[Data excerpts]

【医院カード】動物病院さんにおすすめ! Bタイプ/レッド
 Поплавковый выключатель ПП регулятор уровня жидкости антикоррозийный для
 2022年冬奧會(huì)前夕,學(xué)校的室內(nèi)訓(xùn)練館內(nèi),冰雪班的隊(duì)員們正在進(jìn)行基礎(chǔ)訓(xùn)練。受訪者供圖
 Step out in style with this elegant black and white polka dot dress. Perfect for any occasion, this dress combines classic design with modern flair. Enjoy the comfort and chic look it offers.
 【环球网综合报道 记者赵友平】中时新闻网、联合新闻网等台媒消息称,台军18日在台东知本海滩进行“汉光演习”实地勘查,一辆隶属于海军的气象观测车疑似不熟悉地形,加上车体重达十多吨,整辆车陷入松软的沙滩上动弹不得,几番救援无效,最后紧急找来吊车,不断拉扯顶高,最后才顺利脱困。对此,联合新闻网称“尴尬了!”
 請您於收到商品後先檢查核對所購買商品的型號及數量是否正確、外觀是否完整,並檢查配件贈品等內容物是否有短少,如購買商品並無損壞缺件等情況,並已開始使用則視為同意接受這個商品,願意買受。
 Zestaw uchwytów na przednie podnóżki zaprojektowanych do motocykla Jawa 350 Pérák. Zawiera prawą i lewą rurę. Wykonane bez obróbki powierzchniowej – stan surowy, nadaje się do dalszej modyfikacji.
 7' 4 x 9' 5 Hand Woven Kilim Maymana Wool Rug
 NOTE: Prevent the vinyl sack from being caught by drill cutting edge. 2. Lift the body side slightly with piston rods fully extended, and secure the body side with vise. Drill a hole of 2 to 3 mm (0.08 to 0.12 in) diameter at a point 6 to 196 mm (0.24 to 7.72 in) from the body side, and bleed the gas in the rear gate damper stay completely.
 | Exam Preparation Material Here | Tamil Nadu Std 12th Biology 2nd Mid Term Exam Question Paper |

EXERCISE AIM:
This task calls for an exact reproduction of the lines that start at the one containing "NOTE: Prevent the" and continue to the end of the entries above.

ANSWER TO THE PROBLEM:
 NOTE: Prevent the vinyl sack from being caught by drill cutting edge. 2. Lift the body side slightly with piston rods fully extended, and secure the body side with vise. Drill a hole of 2 to 3 mm (0.08 to 0.12 in) diameter at a point 6 to 196 mm (0.24 to 7.72 in) from the body side, and bleed the gas in the rear gate damper stay completely.
 | Exam Preparation Material Here | Tamil Nadu Std 12th Biology 2nd Mid Term Exam Question Paper |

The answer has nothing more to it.